Practice generates a pile o' prints
A group of fool-hardy undaunted folks are getting together tomorrow to start work on the spring 2010 PhotocampUtah. On my wish list for the next round is a display of prints contributed by the campers. So imagine my dismay when I met up with a Photowalker last week who confessed that, even though he is quite a capable photographer and has traveled the world making photos, he had just made his first print. Worse, he wasn't very happy with the results. I was able to show him a few tricks I use when printing at Costco. He left a happy camper, but he got me thinking: if he is just starting out with printing, a number of Photocampers are probably in the exact same spot: unsure how to get started making prints and/or unhappy with their initial results.
So to help us get ready to produce a fabulous collection of prints at PhotocampUtah 2010, I propose the Print-a-week Challenge: make a single work print (not a final print, just a test print), at least 8x10 in size, every week from now until Photocamp. Any subject, any printer, any paper, ink, whatever you want to try. Just print a photograph on real, honest paper.
In the wet darkroom era, there was no dodging the printing process-- unless you were satisfied just looking at negatives or slides. Today, with email and on-line sharing of image files, many photographers who started out in the digital era have altogehter skipped learning the printing process. That's not really surprising: there is an overwhelming amount to learn about working a camera and then the post-processing software. Adding one more skill-set to the toolkit can seem daunting. Who wants to suffer through potentially unsuccessful early experiments if it can be avoided. Just upload 'em to Flickr and forget about it!
But there will come a day when you want a print. Not just any print, but a great print of your work. Maybe as a gift to someone special. Maybe as a representation of your work (it's not always easy to carry around a computer monitor to show off your portfolio). Maybe you want, as I did, to pitch a proposal to someone and you want it to impress them immediately, not for them to have to toss a DVD in THEIR computer, which is twice as likely to get tossed into the trash as looked at. That's not the time to learn the print-making craft.
The time is now. The only way to learn to make prints is--to make prints. Books and articles will help, but without a work print in hand to evaluate, view under different lighting conditions, tack to the wall, recrop with an exacto knife, what you read is just information, not knowledge.

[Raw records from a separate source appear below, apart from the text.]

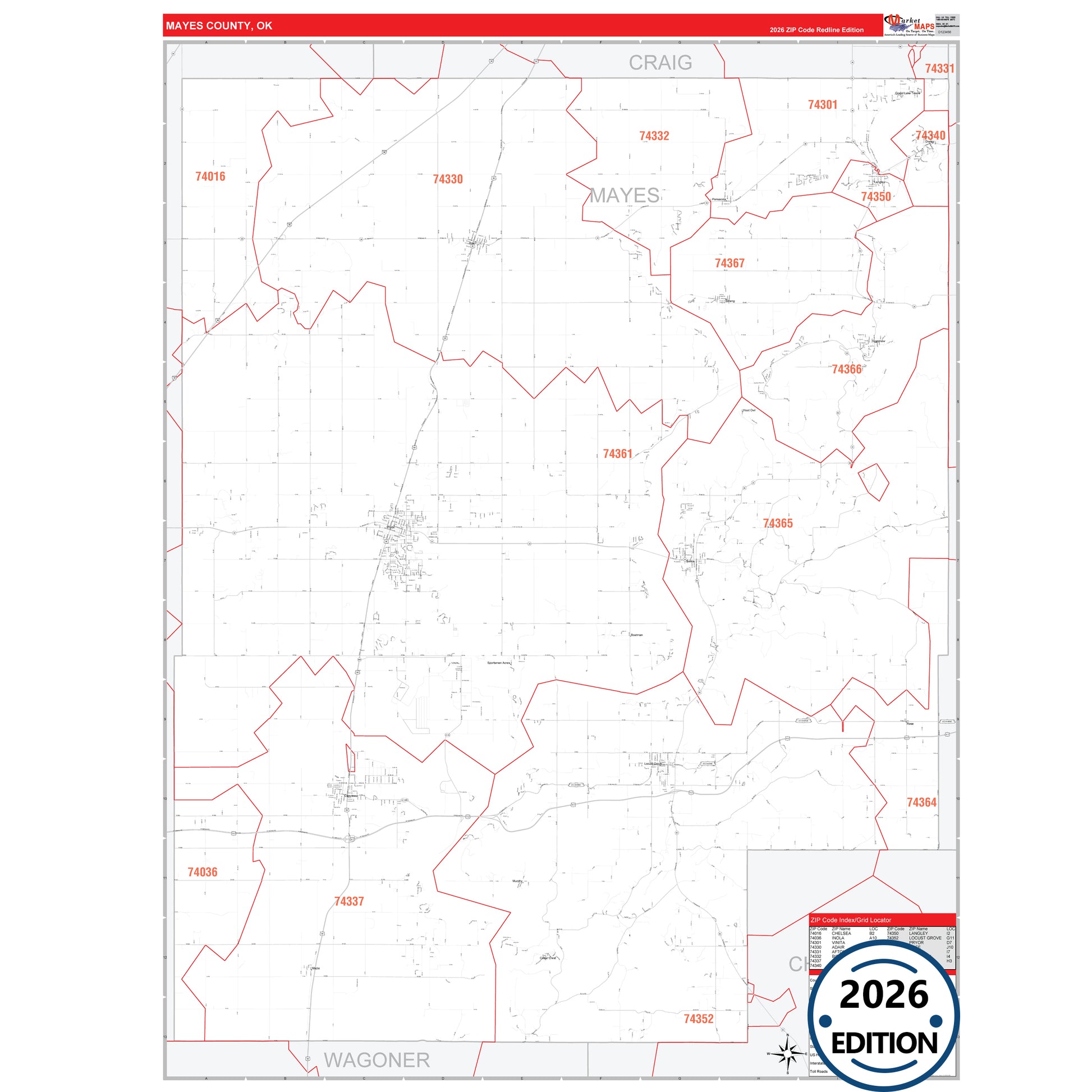 The RedLine Style map of Mayes County, OK shows ZIP code areas overlaid on a detailed road network of Mayes County, Oklahoma. Ideal for drawing locations, territories, and other applications. Base map features include all major streets and highways labeled, cities and towns, county and state boundaries, neighborhood names, railroads, and a clean white background suitable for marking and planning.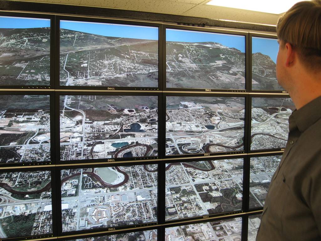 Students used the powerwall during the February 2007 MCM to view state-scale census data and develop a fully automated congressional redistricting algorithm.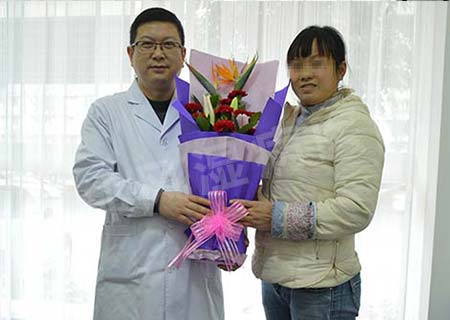 (图:治疗后的王女士送来鲜花并与陈建春主任合影留念)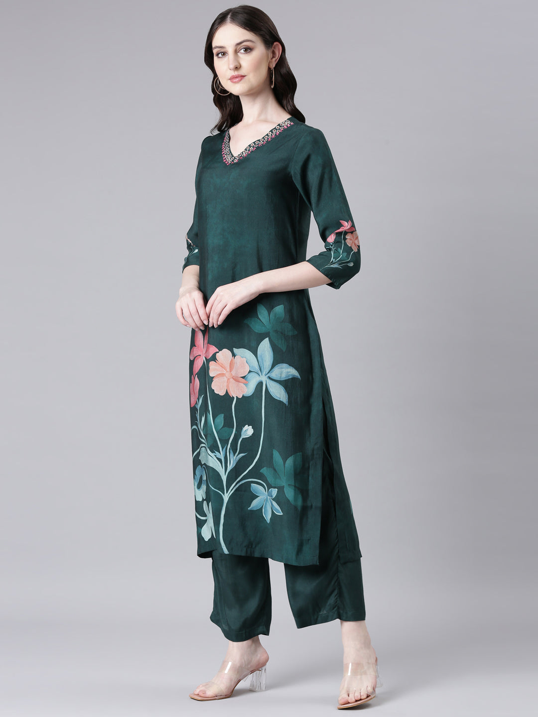 Perfect for any occasion, this kurta and trousers set will make you stand out with its vibrant green print.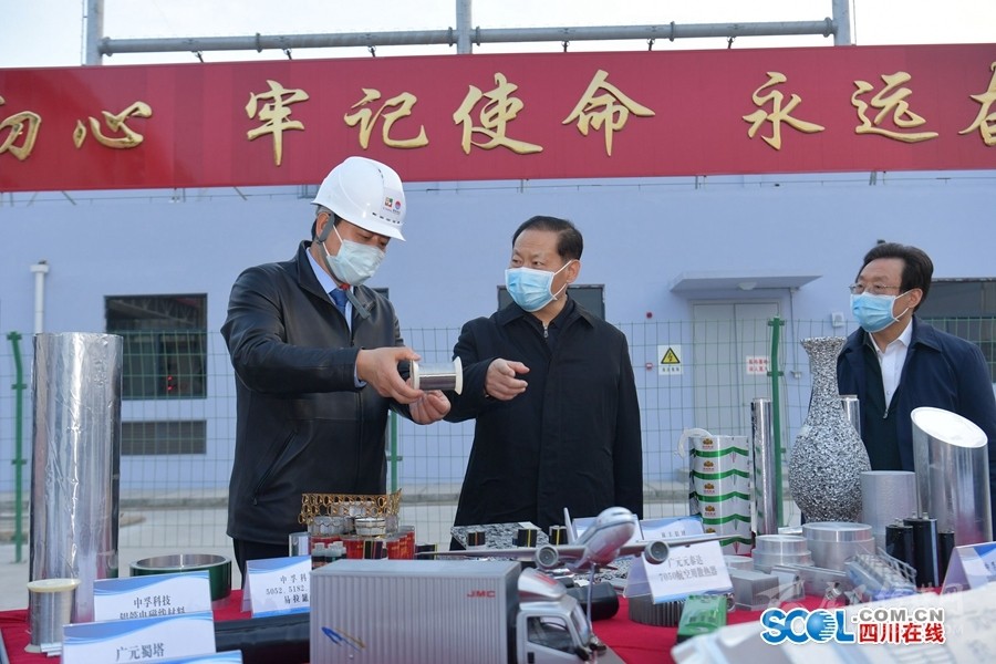 2月24日,彭清華書記到廣元經(jīng)開區(qū)中孚鋁業(yè)公司調(diào)研,觀看企業(yè)產(chǎn)品展示,了解電解鋁產(chǎn)業(yè)發(fā)展情況。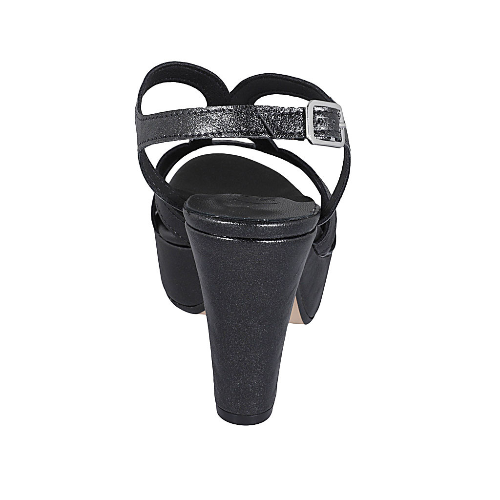 Sandalia para mujer en piel laminada negra con plataforma y tacon 9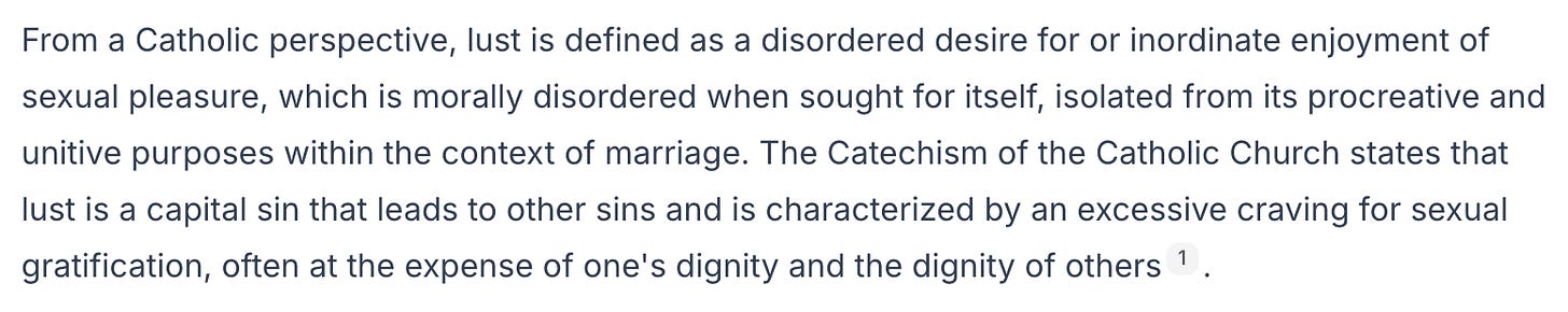 A quick note before you move on: I decided a while ago that I would never paywall articles talking about lust, chastity, and sexual immorality. I know this topic is a big pain for many men, and I could get a lot of new paid subscribers if I paywalled it, but I don’t want to charge for any helpful advice I might have because I have seen in the men close to me the grip of this vice and this battle is a cause that I hold close to my heart.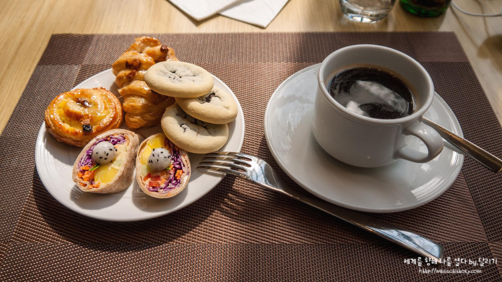 애프터눈 티 타임에는 간단히 빵과 쿠키, 그리고 음료와 커피 정도를 이용할 수 있어요. 옆에 보이는 주류들은 이용할 수 있는 것들이 아닙니닼ㅋㅋㅋ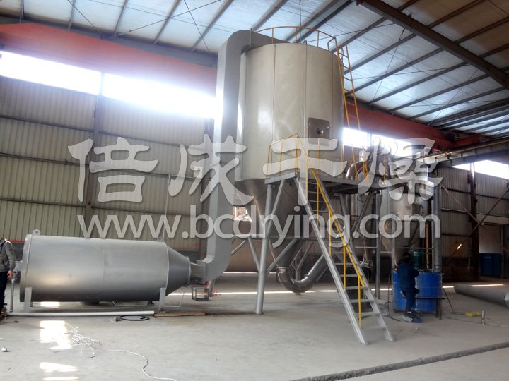 空氣經(jīng)過(guò)濾和加熱,進(jìn)入干燥器頂部空氣分配器,熱空氣呈螺旋狀均勻地進(jìn)入干燥室。料液經(jīng)塔體頂部的高速離心霧化器,(旋轉)噴霧成極細微的霧狀液珠,與熱空氣并流接觸在極短的時(shí)間內可干燥為成品。成品連續地由干燥塔底部和旋風(fēng)分離器中輸出,廢氣由風(fēng)機排空。

What can you get out making a work print each week?
- learn how to crop for different aspect ratios (which may affect how you shoot in the field to leave yourself options),
- learn how much saturation, contrast, brightness works for your images,
- learn how much sharpening to apply,
- experience the pleasure of showing your pictures with people who (horror) don't read your blog,
- have fun giving them away
- assemble a portfolio, one piece at a time, to share and discuss with other photographers.

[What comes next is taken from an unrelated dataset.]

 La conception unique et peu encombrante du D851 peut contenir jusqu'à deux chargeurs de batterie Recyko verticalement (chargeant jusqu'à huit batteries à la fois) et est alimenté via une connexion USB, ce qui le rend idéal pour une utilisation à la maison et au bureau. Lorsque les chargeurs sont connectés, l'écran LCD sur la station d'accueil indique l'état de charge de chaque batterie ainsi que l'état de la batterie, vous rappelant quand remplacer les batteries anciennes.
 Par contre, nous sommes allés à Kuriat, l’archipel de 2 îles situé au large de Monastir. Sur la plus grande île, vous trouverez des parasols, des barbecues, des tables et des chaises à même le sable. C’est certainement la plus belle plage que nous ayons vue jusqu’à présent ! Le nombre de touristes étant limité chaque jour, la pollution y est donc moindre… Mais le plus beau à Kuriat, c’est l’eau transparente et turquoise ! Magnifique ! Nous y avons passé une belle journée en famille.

- confidence that you can make a print whenever you need to.
Even if you don't have a printer, if you have a Costco membership, you can participate in the Challenge for $1.49 per week (plus tax, where applicable). I printed most of my give-away prints for people I met doing the Highway 89 project at Costco because I can't print that cheaply on my Epson 2200.
As we go forward, I will share some tools and tips I've picked up when I started my own personal print-a-week goal a few years ago, and perhaps a guest blogger or two. If there's interest, we can have a meet-up to share and fine-tune prints before Photocamp. Even if you can't possibly attend PhotocampUtah 2010, please participate in the Print-a-week Challenge and share what you are learning with others.
The word "photograph," remember, comes from the roots for "light-writing". Not "light-temporarily illuminating a monitor." Commit a photograph to paper this week, report back with your success and encourage another photographer to do the same.